PROBLEM
Transcribe only part of the material below: the lines from the one containing "Airpac Rentals provide" through the one containing "Navy Blue Floral", inclusive, exactly as written.
DATA SHOWN below:
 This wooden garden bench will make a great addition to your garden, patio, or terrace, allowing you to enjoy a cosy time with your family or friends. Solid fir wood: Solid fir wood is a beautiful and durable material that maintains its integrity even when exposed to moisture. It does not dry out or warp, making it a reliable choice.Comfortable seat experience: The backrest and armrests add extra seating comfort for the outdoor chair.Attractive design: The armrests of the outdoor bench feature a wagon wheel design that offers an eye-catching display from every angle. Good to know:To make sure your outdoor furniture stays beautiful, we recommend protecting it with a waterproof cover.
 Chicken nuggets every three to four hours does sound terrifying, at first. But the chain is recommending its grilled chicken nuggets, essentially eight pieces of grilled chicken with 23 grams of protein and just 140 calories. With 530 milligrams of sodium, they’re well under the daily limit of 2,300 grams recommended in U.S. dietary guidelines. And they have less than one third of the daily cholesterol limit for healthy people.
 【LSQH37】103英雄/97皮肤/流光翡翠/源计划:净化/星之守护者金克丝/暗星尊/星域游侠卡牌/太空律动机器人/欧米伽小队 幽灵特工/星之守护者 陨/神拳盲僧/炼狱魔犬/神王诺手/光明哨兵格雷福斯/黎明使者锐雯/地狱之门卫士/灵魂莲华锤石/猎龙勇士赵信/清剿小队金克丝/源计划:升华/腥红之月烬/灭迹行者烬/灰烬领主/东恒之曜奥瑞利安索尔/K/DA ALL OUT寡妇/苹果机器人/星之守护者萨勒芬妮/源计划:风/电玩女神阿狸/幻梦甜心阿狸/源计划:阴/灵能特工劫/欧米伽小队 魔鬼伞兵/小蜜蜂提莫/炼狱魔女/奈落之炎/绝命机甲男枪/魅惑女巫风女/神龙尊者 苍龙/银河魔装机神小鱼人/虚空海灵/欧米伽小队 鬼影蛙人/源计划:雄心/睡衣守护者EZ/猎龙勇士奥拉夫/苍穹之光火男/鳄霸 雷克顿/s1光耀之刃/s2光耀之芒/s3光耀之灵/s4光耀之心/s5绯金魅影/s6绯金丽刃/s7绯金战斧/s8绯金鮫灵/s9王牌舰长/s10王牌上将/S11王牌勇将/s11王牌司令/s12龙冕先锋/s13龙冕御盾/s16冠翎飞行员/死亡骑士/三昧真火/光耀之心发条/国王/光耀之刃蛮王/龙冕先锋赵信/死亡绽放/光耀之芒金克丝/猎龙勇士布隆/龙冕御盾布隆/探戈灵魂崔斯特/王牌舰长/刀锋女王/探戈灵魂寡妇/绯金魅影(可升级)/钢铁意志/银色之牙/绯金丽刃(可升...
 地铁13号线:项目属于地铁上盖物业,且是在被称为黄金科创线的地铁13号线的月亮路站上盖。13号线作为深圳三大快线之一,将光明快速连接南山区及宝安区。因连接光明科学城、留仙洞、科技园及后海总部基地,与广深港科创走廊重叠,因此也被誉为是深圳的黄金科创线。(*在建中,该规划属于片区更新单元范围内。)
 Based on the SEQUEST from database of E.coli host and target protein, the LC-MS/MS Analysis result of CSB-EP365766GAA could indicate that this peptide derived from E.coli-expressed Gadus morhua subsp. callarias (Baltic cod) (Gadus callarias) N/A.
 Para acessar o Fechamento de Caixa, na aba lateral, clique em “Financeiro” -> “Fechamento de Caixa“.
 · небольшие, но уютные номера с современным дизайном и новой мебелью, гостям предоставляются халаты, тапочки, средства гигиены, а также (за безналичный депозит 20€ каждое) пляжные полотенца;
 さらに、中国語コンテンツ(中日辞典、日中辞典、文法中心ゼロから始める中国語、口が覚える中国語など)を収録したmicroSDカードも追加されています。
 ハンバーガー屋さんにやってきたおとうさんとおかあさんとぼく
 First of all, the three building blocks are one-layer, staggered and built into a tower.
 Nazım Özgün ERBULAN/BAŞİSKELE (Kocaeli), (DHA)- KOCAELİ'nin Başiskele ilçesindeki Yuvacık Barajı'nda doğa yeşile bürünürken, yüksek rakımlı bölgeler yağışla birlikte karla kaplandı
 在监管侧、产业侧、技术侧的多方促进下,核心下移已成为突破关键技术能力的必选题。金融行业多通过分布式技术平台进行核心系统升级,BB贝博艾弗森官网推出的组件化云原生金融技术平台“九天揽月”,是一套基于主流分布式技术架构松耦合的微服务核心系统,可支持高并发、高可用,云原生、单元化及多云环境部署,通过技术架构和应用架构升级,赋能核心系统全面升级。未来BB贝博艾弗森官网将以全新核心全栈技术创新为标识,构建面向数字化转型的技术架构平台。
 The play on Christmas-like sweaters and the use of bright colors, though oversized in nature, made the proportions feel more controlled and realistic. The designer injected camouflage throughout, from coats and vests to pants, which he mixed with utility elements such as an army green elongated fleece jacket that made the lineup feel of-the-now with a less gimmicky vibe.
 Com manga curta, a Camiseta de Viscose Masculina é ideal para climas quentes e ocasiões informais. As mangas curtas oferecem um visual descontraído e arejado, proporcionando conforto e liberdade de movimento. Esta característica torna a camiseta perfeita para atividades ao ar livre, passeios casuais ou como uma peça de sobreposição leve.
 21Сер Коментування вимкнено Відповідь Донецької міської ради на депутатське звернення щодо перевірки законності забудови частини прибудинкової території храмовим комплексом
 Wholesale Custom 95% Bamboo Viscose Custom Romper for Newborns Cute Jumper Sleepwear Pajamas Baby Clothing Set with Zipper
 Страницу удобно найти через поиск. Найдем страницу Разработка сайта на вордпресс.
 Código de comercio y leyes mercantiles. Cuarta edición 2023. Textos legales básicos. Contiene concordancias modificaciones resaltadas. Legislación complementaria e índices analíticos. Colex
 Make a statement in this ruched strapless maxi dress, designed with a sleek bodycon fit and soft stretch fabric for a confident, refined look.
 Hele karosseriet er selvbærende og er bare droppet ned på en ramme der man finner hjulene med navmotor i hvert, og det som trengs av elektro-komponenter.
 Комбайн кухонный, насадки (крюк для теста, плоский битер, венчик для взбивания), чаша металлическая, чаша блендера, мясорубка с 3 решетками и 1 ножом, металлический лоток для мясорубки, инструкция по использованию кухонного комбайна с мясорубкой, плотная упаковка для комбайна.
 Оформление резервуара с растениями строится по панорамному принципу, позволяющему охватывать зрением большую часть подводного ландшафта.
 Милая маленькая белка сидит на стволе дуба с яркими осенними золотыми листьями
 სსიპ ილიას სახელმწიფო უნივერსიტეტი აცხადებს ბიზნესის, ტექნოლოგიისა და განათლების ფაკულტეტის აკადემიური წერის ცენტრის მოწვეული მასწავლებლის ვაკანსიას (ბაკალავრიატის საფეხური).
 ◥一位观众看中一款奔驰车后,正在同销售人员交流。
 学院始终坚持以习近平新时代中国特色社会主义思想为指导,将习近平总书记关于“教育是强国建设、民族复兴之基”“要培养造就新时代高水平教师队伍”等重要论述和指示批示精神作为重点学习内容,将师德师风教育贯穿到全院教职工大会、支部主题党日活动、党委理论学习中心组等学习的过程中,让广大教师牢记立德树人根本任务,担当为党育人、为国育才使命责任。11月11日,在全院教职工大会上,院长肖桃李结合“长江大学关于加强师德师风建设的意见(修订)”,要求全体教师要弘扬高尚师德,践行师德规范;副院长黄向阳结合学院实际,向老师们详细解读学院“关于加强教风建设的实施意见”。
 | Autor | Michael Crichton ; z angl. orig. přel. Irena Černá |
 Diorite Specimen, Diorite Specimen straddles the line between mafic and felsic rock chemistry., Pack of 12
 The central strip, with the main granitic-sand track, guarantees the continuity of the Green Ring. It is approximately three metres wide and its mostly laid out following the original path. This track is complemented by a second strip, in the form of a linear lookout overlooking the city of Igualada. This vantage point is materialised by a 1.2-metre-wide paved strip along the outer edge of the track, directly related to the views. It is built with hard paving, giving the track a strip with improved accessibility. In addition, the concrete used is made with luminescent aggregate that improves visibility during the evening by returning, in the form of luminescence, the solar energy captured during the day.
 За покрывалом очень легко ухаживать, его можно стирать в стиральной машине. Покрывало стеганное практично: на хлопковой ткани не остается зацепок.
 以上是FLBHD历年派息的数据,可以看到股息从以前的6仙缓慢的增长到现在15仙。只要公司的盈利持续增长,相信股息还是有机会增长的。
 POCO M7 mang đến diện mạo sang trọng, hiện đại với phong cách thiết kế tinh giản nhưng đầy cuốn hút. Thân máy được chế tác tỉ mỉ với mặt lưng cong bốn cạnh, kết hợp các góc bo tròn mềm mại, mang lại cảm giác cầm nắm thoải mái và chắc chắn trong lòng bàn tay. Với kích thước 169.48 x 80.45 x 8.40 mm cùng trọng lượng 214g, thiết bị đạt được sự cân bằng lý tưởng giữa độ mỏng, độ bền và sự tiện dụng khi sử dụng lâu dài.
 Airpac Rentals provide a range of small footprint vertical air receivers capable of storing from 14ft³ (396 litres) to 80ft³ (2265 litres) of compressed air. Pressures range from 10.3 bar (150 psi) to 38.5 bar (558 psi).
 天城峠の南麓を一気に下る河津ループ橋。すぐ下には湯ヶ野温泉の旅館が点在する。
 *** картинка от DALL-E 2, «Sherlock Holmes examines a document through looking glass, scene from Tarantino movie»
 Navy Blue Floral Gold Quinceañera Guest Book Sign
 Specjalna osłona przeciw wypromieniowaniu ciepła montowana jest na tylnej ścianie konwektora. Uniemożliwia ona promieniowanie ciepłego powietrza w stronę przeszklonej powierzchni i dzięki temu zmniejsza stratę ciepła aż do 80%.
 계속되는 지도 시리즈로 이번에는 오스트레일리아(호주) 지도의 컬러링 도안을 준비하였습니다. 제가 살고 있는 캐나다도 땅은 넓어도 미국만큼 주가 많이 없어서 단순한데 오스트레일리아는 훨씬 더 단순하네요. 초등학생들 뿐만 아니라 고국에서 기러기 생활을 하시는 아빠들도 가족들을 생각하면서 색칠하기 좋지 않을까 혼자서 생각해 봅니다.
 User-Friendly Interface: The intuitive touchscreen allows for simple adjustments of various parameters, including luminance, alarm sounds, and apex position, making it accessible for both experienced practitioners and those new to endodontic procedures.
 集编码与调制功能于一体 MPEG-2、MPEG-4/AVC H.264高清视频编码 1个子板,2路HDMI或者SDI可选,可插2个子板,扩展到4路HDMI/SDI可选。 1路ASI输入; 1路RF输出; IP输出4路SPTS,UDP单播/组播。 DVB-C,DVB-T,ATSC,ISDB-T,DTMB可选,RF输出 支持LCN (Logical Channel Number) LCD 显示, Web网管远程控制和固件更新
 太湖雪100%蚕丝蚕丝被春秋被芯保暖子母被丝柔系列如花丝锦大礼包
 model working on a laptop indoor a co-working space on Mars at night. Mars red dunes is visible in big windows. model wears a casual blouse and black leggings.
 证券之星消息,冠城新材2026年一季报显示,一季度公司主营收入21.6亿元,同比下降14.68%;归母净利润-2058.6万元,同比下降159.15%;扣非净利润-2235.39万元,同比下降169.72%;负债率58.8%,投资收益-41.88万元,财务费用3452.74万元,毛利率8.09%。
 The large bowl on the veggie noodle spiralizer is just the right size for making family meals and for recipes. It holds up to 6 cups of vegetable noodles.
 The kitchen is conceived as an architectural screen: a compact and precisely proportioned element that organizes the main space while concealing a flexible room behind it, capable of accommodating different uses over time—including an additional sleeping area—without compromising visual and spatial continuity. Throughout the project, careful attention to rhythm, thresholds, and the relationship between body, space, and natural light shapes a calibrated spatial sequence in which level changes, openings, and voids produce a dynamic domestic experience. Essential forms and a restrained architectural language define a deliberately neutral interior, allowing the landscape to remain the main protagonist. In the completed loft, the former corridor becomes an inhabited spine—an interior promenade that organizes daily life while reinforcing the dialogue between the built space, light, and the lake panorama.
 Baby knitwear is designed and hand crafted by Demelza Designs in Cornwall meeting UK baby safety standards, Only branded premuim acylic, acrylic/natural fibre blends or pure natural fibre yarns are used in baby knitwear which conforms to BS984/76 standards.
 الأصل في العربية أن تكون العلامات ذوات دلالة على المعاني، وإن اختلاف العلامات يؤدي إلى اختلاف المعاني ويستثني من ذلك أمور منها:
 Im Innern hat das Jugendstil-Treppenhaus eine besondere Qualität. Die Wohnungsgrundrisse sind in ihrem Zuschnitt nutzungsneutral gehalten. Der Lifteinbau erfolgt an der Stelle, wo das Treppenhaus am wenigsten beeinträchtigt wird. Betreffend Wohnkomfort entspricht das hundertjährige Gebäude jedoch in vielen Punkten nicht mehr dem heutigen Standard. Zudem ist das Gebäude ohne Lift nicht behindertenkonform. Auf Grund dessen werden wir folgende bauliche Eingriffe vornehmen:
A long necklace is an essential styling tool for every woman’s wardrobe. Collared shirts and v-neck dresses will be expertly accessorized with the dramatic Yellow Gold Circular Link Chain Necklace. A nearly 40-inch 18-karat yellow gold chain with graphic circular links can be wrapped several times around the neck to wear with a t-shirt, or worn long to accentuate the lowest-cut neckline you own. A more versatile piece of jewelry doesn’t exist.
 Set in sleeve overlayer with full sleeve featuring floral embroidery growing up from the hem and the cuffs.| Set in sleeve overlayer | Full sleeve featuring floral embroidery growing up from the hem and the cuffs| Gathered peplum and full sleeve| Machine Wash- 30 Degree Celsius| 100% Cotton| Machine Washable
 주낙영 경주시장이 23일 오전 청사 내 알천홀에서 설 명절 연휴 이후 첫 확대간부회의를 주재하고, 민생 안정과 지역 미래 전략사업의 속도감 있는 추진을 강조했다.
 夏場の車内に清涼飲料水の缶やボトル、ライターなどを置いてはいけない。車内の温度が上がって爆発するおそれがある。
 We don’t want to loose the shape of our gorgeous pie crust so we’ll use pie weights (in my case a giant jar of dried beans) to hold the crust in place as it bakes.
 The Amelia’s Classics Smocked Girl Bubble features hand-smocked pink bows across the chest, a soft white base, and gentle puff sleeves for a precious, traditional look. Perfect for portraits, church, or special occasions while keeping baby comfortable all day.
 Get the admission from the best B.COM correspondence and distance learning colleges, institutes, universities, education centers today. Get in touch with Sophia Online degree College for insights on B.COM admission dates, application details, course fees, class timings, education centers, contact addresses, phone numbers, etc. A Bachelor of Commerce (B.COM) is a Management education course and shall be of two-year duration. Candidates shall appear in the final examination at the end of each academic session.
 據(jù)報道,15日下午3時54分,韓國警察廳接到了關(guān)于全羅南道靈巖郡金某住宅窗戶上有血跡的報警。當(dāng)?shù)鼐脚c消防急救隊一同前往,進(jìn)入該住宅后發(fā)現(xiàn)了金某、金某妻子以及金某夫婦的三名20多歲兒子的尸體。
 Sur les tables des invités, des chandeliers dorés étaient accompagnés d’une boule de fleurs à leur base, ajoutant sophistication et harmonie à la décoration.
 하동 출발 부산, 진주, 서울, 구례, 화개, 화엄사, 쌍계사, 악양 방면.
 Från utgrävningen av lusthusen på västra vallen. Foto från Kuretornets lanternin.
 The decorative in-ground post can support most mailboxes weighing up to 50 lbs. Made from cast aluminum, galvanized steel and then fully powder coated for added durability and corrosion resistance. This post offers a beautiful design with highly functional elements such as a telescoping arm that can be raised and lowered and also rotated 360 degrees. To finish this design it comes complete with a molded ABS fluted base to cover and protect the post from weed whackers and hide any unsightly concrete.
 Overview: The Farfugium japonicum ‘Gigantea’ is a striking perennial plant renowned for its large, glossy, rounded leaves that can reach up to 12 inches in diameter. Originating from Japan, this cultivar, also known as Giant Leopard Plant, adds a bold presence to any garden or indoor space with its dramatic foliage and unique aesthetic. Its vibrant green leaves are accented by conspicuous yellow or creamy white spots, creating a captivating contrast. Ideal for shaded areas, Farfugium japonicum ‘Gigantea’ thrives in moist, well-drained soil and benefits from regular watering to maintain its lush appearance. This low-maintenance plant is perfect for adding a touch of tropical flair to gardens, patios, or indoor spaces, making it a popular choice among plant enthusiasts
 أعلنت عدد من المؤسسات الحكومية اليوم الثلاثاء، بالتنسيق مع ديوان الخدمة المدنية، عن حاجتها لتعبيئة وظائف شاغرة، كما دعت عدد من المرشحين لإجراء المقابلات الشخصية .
End of DATA SHOWN.
EXPECTED OUTPUT
 Airpac Rentals provide a range of small footprint vertical air receivers capable of storing from 14ft³ (396 litres) to 80ft³ (2265 litres) of compressed air. Pressures range from 10.3 bar (150 psi) to 38.5 bar (558 psi).
 天城峠の南麓を一気に下る河津ループ橋。すぐ下には湯ヶ野温泉の旅館が点在する。
 *** картинка от DALL-E 2, «Sherlock Holmes examines a document through looking glass, scene from Tarantino movie»
 Navy Blue Floral Gold Quinceañera Guest Book Sign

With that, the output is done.